There is a lot of anger on the streets in Turkey over the slaughter and destruction in Aleppo, much of it directed at Russia. All week prior to the assassination big demonstrations had been going on outside the Russian embassy in Ankara. Until recently the government encouraged this anger, but then it opted for a rapprochement with Russia to end the Syrian war, without bothering much to convince its political base that the hated enemy was now a friend.
It's hard even for well-informed people to make sense of this welter of conflicting interests, all but impossible if you are inexperienced and young. You probably come out of police training with a rigid sense of right and wrong, only to confront a political morass that leaves you bewildered. I can imagine the powerful pull of religious fundamentalism in such circumstances, especially since the government itself has blurred the line between jihadism and Turkish nationalism.
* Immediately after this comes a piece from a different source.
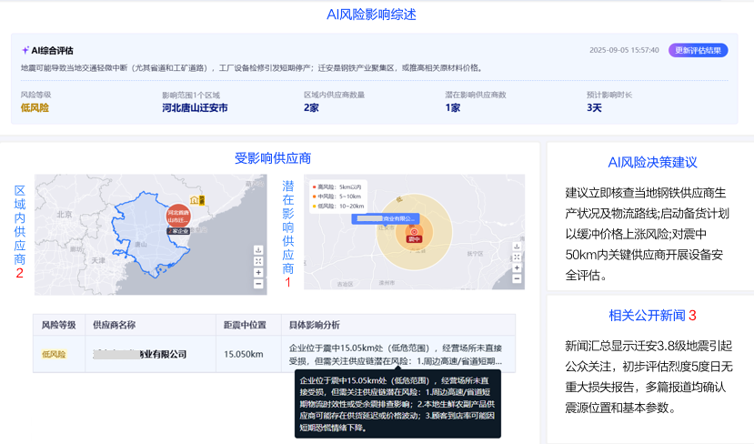 以地震风险为例,启信慧眼能够实时推送震中、震级、受影响供应商等关键信息,标出预计影响时长,并结合历史地震数据与专业评估模型,预测对供应链的潜在冲击,给出具体决策建议。比如某地发生3.8级地震,AI会综合多维度信息进行风险评级,明确标注出“两家供应商受影响、预计影响时间3天”等重要信息,同时给出企业应立即核查当地供应商生产及物流路线、启动备货计划以缓冲价格上涨风险、对震中50公里内关键供应商开展设备安全评估等决策建议。

I can also imagine the appeal of a spectacular act of defiance, a blow against a hated enemy, a blow also against all the murkiness and confusion.
But that isn't how it turns out. The blow only creates more carnage and more mess. This is a bad time to be young and angry: so much anger is misdirected, so many lives are squandered. Including the two in this photograph.
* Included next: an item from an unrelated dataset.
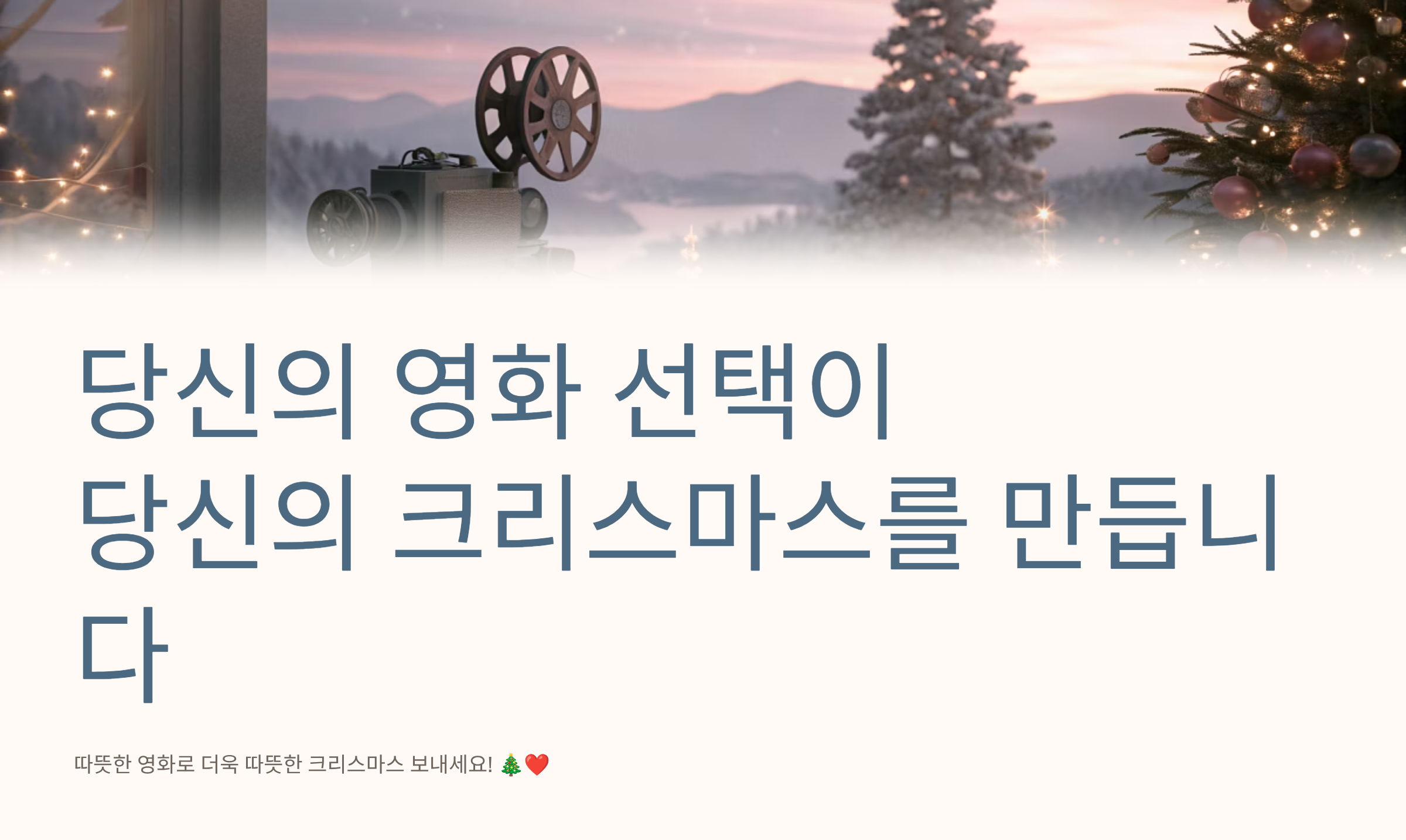 당신의 영화 선택이 당신의 크리스마스를 만듭니다. 따뜻한 영화로 더욱 따뜻한 크리스마스 보내세요! 🎄❤️

There is one more detail worth mentioning: the photographs on the wall. These were pictures taken by tourists of favorite tourist spots across Russia. It's no surprise the Russian embassy was sponsoring the show since it was just a tourist promotion posing as an art exhibition. Again the contrast is striking – between the kitsch on the wall and the murderous violence being played out in front of it. Stranger still, the picture right behind the assassin is of an old cannon and three cannonballs. It's as if the kitsch was shooting back.